Data under study:
━━━

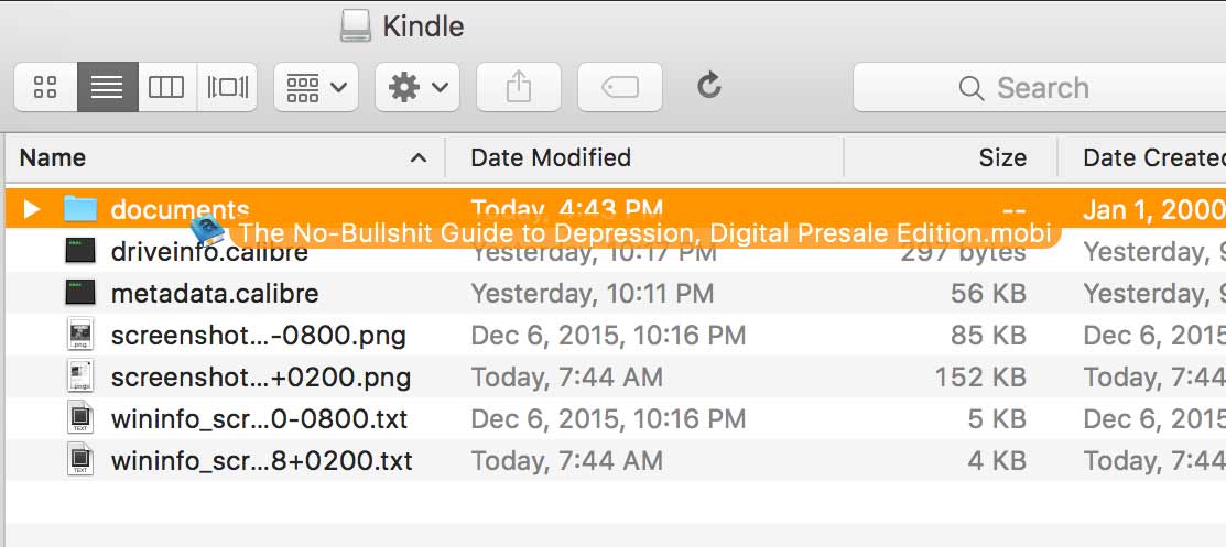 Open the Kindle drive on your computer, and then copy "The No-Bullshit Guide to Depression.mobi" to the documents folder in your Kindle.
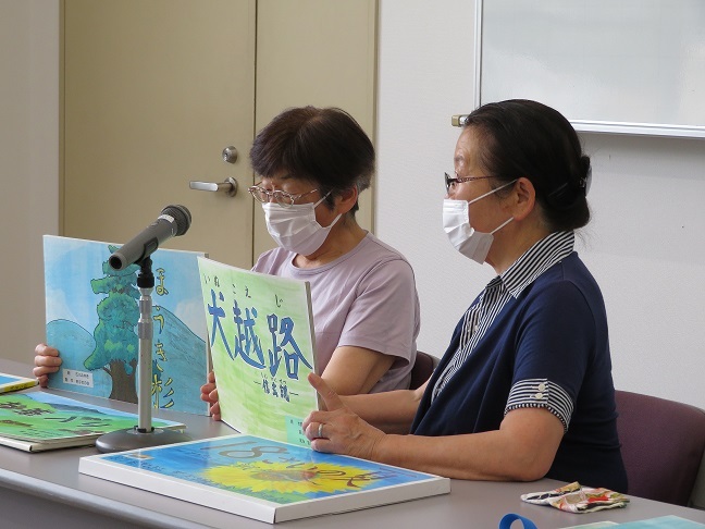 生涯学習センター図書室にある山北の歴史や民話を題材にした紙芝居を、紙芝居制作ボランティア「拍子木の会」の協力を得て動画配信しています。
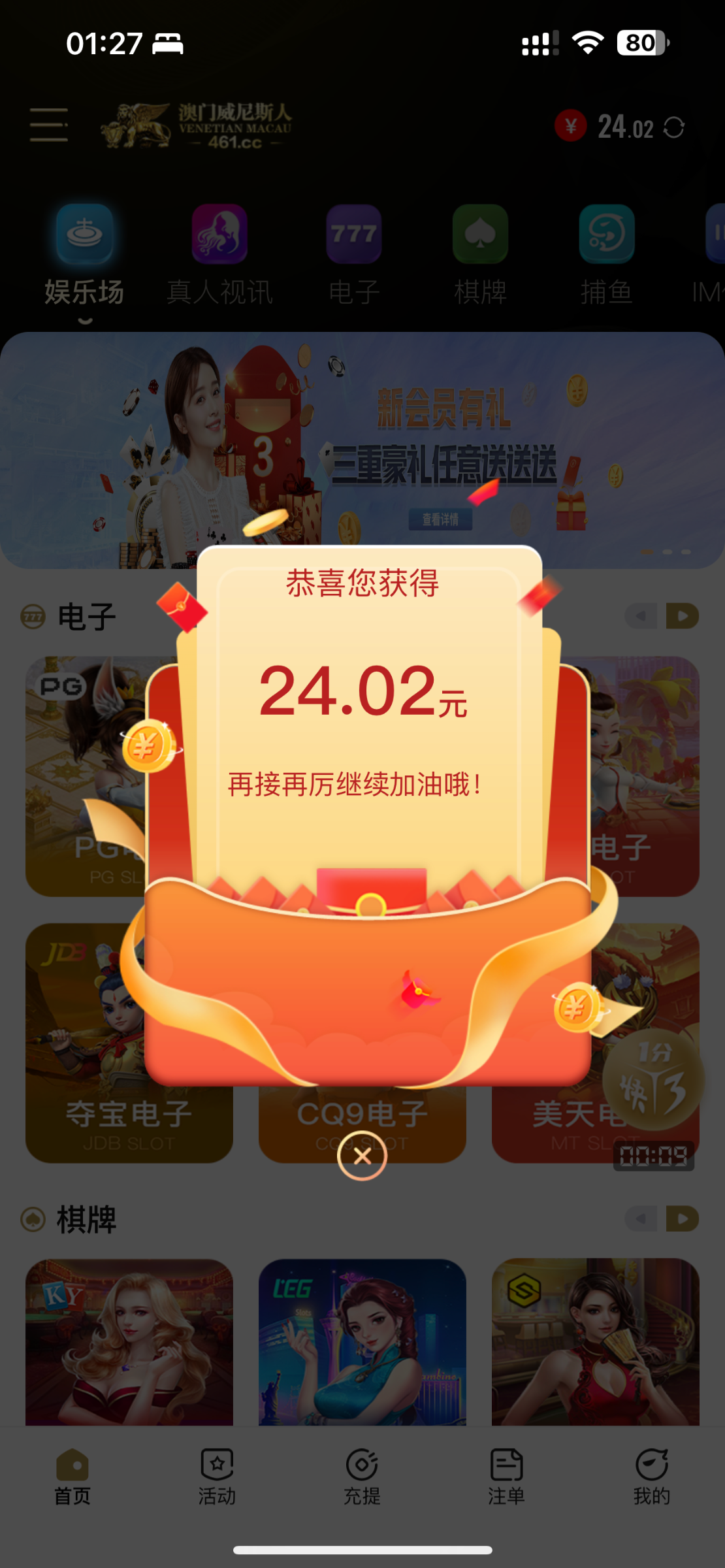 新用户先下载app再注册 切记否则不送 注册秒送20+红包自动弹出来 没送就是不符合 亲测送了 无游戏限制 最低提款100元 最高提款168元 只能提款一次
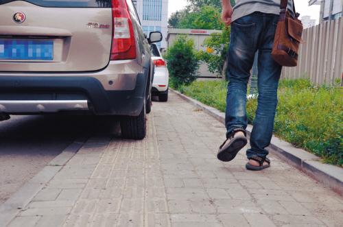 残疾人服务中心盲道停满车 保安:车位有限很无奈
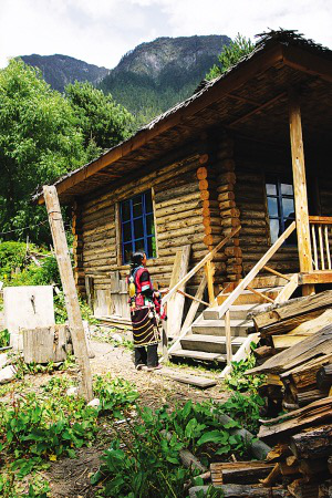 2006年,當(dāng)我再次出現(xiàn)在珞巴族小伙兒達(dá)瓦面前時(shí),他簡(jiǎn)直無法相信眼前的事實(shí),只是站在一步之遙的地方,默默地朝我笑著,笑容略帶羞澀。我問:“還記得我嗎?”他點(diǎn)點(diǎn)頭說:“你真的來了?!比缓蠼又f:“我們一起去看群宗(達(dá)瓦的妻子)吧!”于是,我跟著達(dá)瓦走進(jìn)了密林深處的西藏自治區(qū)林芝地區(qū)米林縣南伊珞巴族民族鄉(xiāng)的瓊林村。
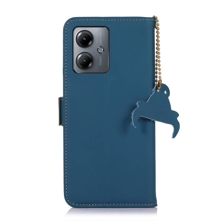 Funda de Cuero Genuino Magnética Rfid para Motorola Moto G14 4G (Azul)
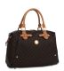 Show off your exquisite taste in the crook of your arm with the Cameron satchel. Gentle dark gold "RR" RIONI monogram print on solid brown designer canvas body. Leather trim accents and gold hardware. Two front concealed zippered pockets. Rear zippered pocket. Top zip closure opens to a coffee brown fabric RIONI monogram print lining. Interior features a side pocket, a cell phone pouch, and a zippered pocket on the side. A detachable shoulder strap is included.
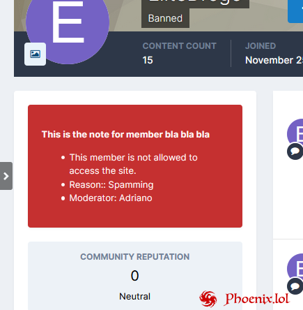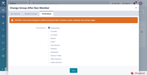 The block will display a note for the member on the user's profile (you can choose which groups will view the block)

━━━

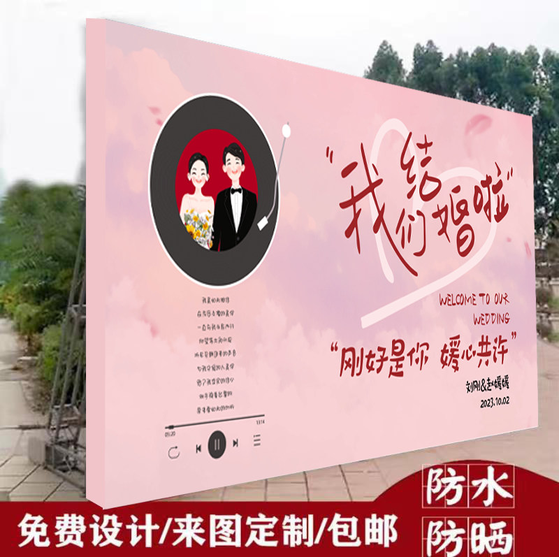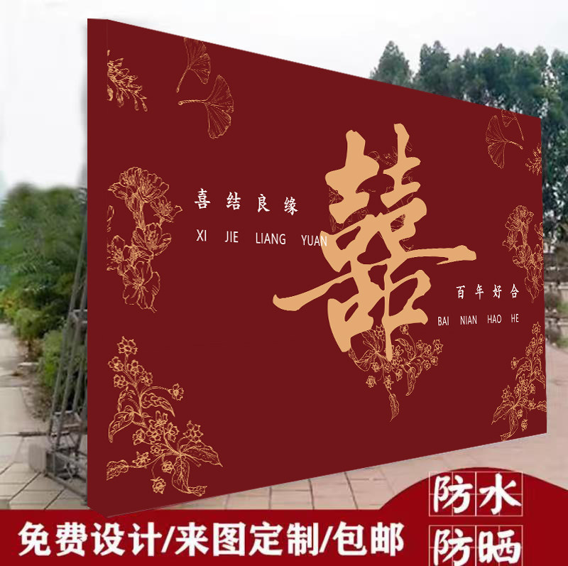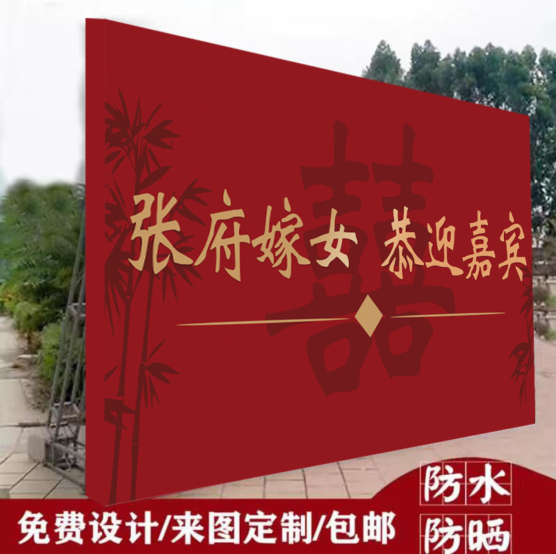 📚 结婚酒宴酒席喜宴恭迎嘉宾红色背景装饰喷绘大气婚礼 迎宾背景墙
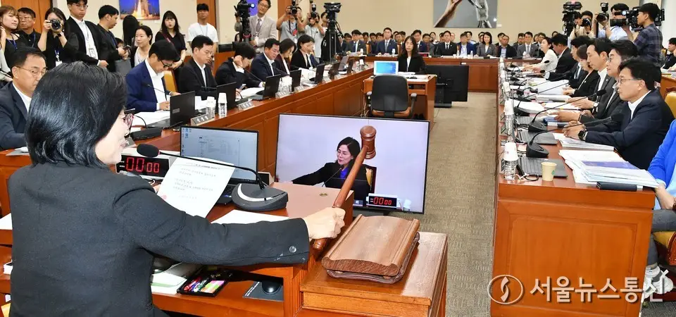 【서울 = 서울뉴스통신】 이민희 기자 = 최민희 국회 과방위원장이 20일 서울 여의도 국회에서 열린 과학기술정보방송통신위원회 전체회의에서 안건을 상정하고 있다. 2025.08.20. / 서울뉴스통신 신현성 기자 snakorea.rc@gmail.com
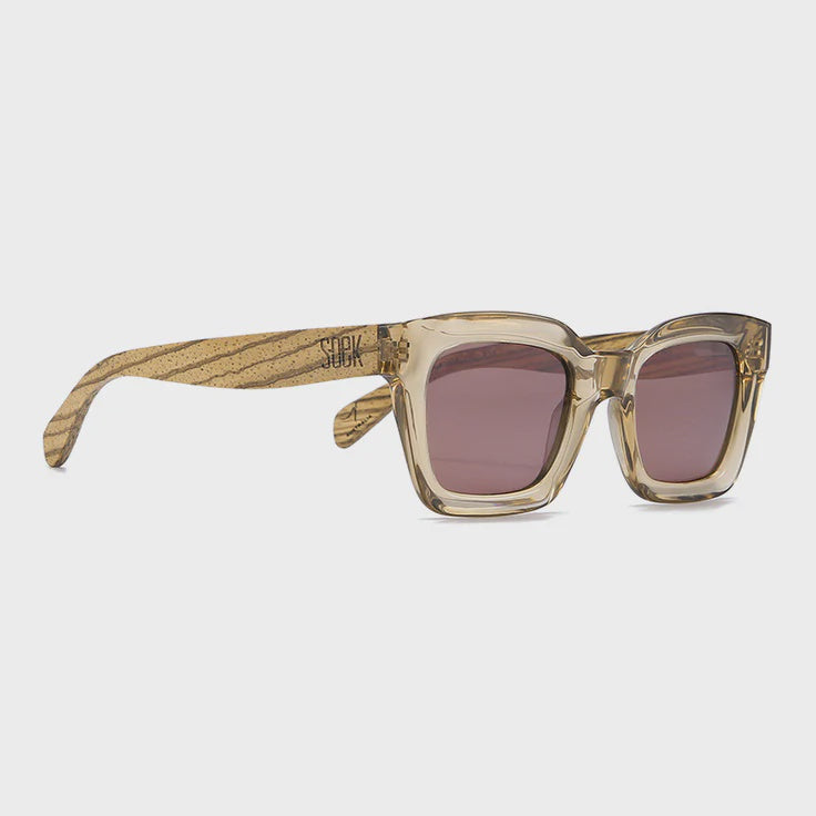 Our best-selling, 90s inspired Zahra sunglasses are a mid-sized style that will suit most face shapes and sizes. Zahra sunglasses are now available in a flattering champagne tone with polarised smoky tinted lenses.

━━━

Directions for this task: Give again the stretch of lines above from the one with "Show off your" through the one with "The block will", both ends kept, and copy no pictures.

Task response:
 Show off your exquisite taste in the crook of your arm with the Cameron satchel. Gentle dark gold "RR" RIONI monogram print on solid brown designer canvas body. Leather trim accents and gold hardware. Two front concealed zippered pockets. Rear zippered pocket. Top zip closure opens to a coffee brown fabric RIONI monogram print lining. Interior features a side pocket, a cell phone pouch, and a zippered pocket on the side. A detachable shoulder strap is included.
 The block will display a note for the member on the user's profile (you can choose which groups will view the block)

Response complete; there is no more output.